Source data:
"""
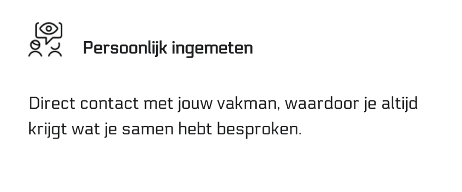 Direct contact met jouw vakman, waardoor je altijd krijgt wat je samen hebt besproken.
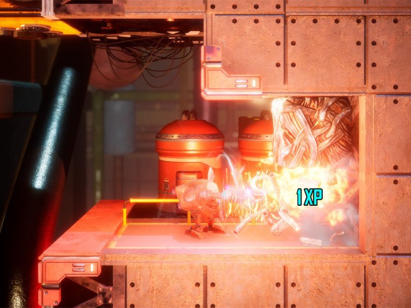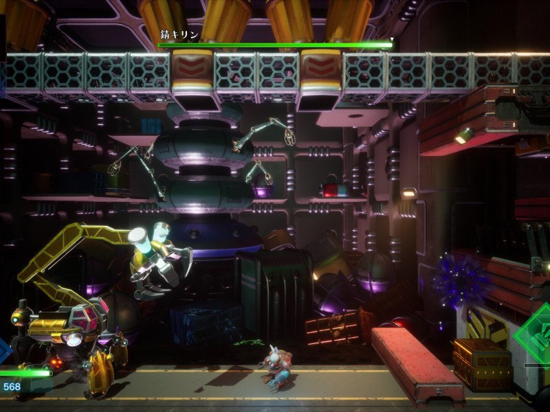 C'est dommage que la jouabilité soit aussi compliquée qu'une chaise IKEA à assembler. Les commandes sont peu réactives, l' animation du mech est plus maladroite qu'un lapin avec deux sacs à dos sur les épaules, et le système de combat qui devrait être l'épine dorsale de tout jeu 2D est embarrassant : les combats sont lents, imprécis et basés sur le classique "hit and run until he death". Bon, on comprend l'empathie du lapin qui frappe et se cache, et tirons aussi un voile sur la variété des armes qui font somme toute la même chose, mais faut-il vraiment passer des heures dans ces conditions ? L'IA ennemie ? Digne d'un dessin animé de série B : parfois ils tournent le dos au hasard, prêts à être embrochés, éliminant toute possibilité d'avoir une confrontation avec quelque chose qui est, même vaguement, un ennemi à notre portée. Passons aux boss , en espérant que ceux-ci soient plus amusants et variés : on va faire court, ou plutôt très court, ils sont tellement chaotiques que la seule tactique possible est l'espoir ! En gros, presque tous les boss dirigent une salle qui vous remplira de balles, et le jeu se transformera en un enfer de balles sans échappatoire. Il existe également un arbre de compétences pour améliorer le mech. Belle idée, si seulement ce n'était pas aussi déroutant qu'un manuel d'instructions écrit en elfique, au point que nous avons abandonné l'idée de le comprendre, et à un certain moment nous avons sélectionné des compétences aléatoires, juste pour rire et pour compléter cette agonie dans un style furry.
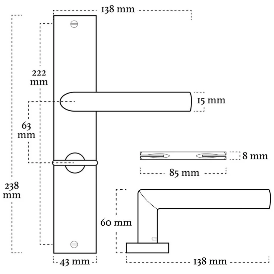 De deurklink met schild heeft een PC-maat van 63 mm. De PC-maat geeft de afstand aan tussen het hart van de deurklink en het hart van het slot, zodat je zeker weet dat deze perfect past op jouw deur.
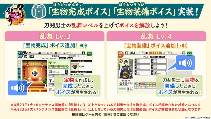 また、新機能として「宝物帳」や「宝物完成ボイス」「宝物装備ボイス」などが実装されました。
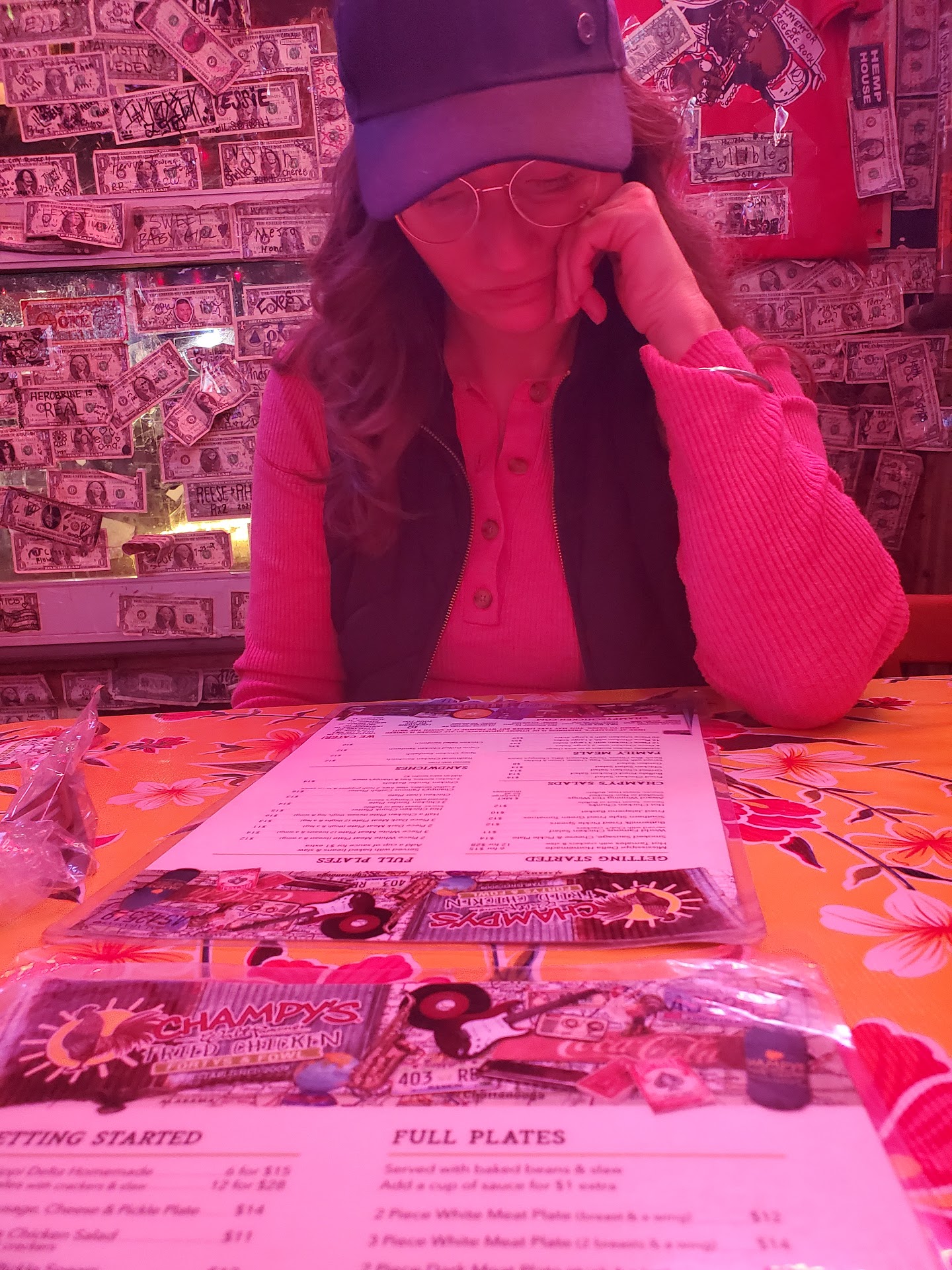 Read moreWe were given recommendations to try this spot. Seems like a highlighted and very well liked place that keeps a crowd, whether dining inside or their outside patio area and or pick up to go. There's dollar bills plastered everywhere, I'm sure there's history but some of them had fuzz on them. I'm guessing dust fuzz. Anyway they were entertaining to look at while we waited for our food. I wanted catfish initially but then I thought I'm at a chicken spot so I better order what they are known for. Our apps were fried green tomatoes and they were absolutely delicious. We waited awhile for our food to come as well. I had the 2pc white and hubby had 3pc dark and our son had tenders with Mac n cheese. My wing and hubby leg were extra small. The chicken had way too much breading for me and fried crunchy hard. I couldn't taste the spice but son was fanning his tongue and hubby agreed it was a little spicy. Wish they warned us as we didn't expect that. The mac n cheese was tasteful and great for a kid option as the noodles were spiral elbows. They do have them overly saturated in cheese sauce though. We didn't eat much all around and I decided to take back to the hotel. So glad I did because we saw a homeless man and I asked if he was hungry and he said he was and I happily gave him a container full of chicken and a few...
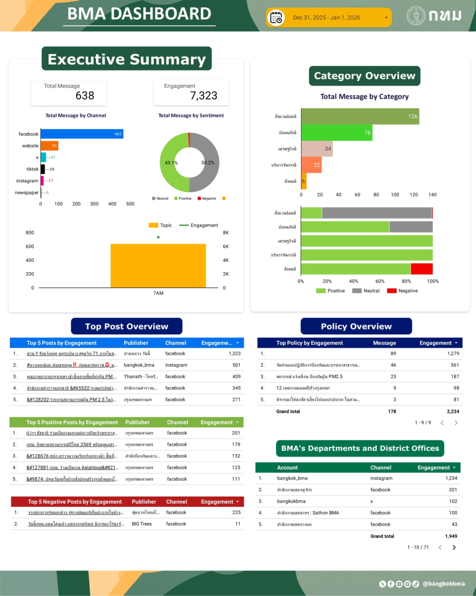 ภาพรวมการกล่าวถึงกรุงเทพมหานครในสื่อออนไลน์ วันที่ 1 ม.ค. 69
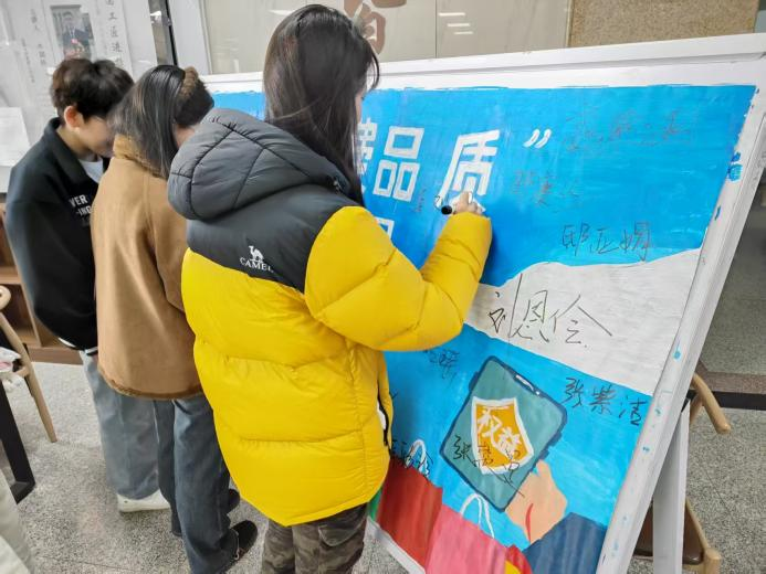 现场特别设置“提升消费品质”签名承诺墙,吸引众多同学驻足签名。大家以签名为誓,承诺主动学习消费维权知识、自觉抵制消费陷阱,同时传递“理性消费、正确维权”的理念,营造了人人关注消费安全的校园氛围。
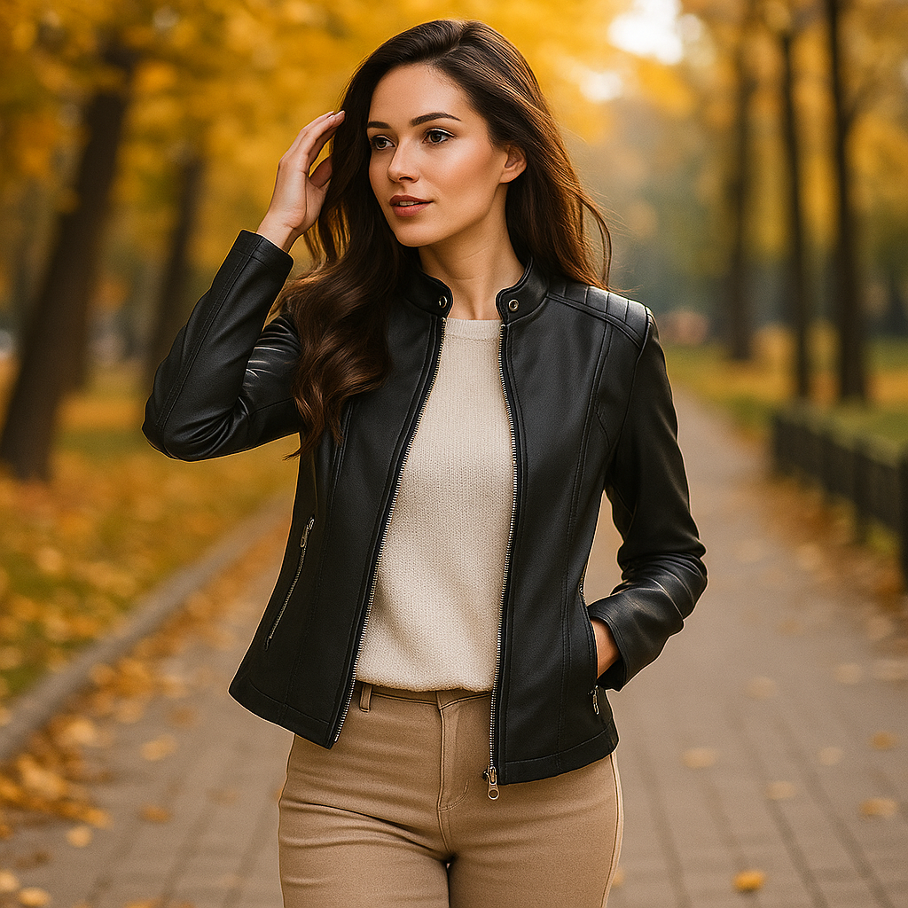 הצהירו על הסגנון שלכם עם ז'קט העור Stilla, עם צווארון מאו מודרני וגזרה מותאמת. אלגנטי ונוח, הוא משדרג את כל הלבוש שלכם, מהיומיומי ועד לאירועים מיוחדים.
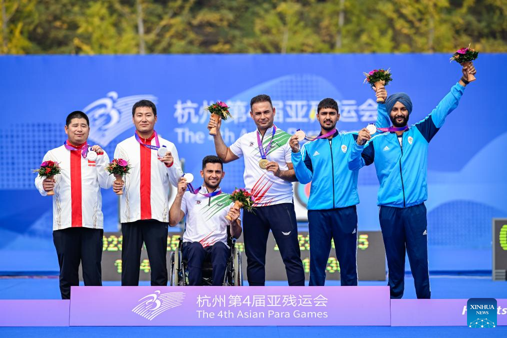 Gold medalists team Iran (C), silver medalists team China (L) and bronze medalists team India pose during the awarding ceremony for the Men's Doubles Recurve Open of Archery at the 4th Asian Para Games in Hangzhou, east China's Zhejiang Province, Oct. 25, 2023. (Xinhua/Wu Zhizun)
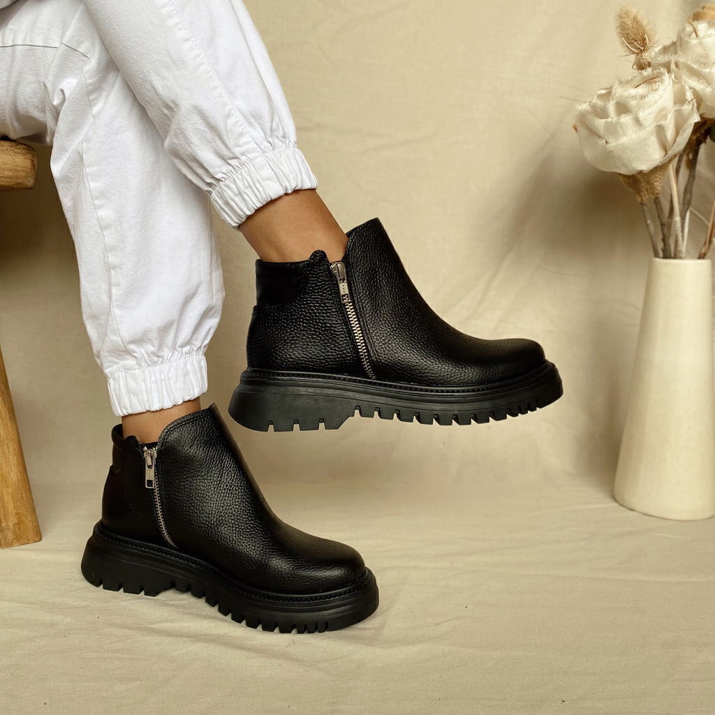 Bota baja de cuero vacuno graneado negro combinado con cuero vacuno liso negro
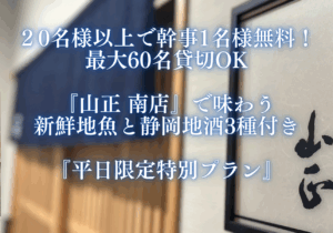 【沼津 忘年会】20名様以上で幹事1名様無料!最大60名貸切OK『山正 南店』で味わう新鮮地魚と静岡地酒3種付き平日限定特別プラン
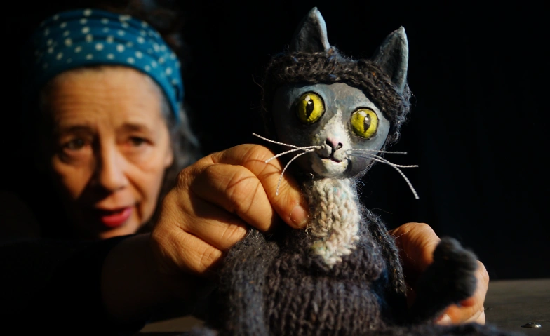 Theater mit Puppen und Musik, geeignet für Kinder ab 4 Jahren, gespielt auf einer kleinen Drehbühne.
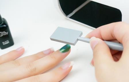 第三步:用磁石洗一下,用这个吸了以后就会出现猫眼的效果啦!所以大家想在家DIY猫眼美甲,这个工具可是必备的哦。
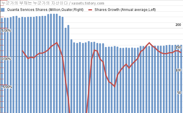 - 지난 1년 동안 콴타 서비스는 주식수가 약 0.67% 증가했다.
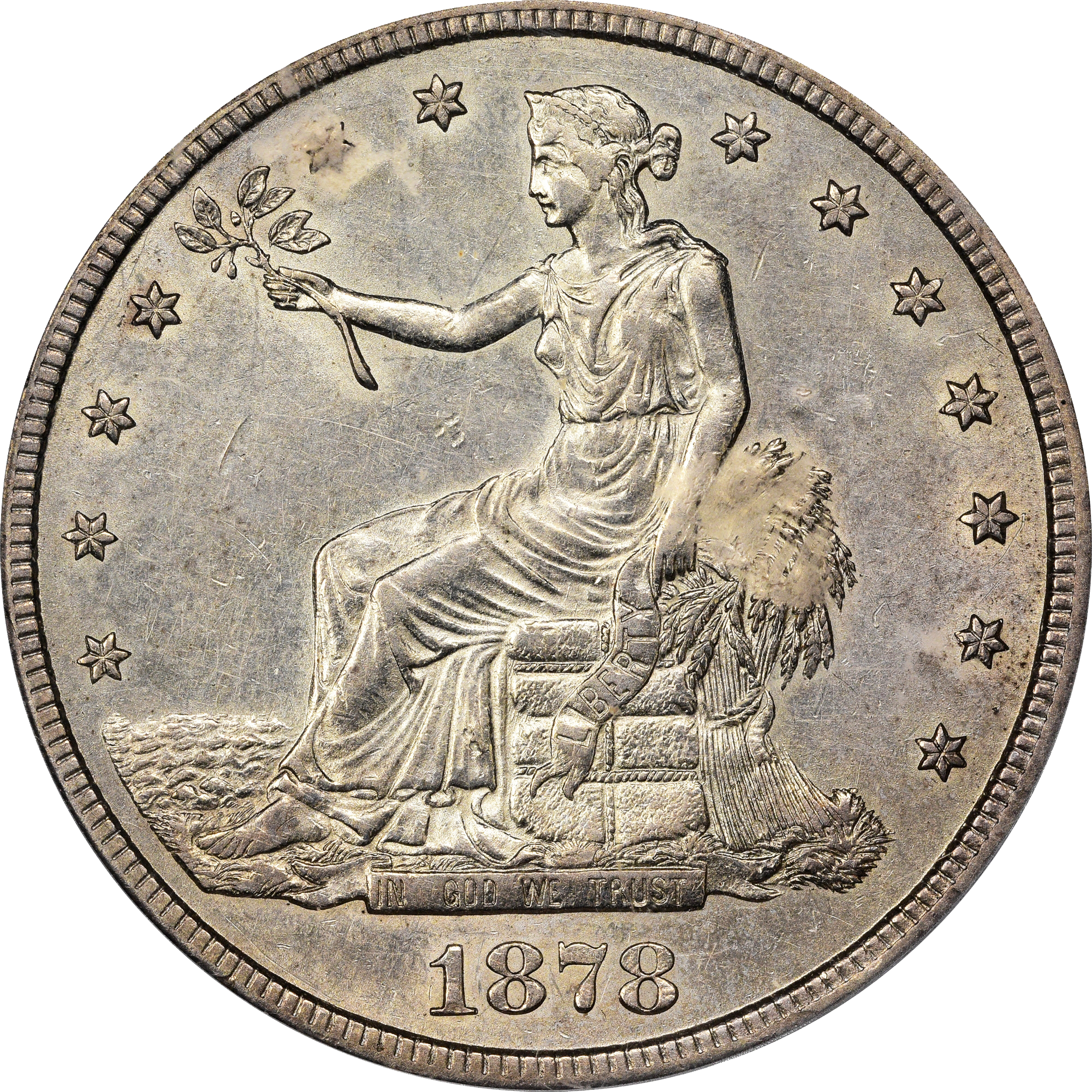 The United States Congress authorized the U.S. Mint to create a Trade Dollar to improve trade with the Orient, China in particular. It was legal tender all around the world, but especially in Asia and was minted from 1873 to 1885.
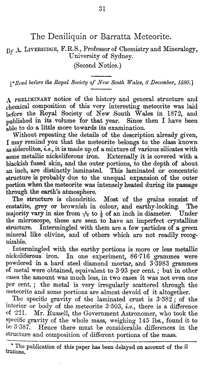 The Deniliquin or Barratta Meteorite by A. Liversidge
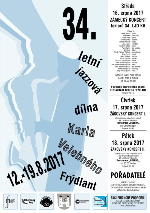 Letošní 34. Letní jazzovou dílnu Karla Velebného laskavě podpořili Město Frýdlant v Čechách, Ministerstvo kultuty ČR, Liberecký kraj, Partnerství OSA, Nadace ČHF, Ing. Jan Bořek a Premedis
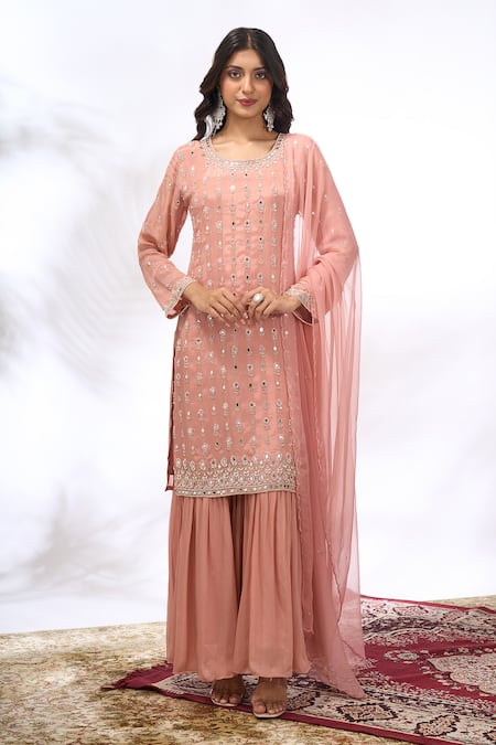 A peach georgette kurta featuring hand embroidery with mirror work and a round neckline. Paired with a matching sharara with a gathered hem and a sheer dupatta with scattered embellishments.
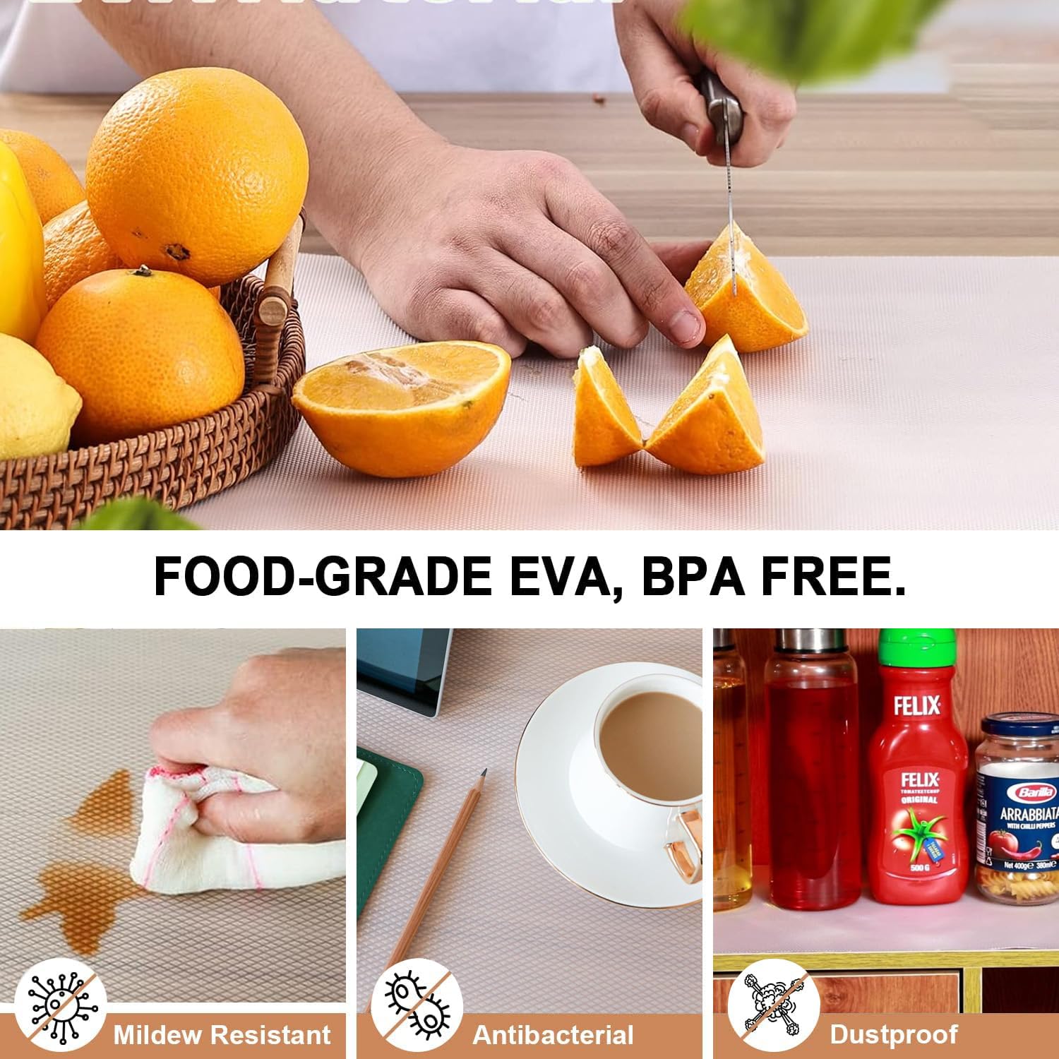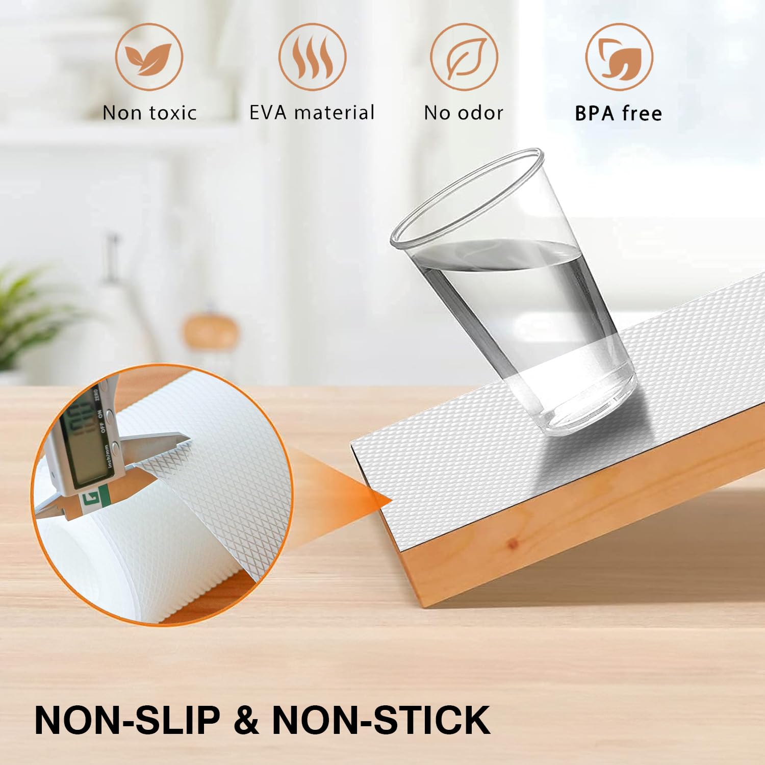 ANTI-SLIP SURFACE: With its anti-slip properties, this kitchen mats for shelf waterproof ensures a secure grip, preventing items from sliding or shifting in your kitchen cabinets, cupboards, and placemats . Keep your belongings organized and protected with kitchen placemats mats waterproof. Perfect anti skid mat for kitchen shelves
"""
#### [DESCRIPTION OF THE TASK]
The line holding "Bota baja de" starts the copy and the line holding "A peach georgette" ends it. Repeat those two lines above and all between them exactly, leaving out pictures.

#### [RESPONSE]
 Bota baja de cuero vacuno graneado negro combinado con cuero vacuno liso negro
 【沼津 忘年会】20名様以上で幹事1名様無料!最大60名貸切OK『山正 南店』で味わう新鮮地魚と静岡地酒3種付き平日限定特別プラン
 Theater mit Puppen und Musik, geeignet für Kinder ab 4 Jahren, gespielt auf einer kleinen Drehbühne.
 第三步:用磁石洗一下,用这个吸了以后就会出现猫眼的效果啦!所以大家想在家DIY猫眼美甲,这个工具可是必备的哦。
 - 지난 1년 동안 콴타 서비스는 주식수가 약 0.67% 증가했다.
 The United States Congress authorized the U.S. Mint to create a Trade Dollar to improve trade with the Orient, China in particular. It was legal tender all around the world, but especially in Asia and was minted from 1873 to 1885.
 The Deniliquin or Barratta Meteorite by A. Liversidge
 Letošní 34. Letní jazzovou dílnu Karla Velebného laskavě podpořili Město Frýdlant v Čechách, Ministerstvo kultuty ČR, Liberecký kraj, Partnerství OSA, Nadace ČHF, Ing. Jan Bořek a Premedis
 A peach georgette kurta featuring hand embroidery with mirror work and a round neckline. Paired with a matching sharara with a gathered hem and a sheer dupatta with scattered embellishments.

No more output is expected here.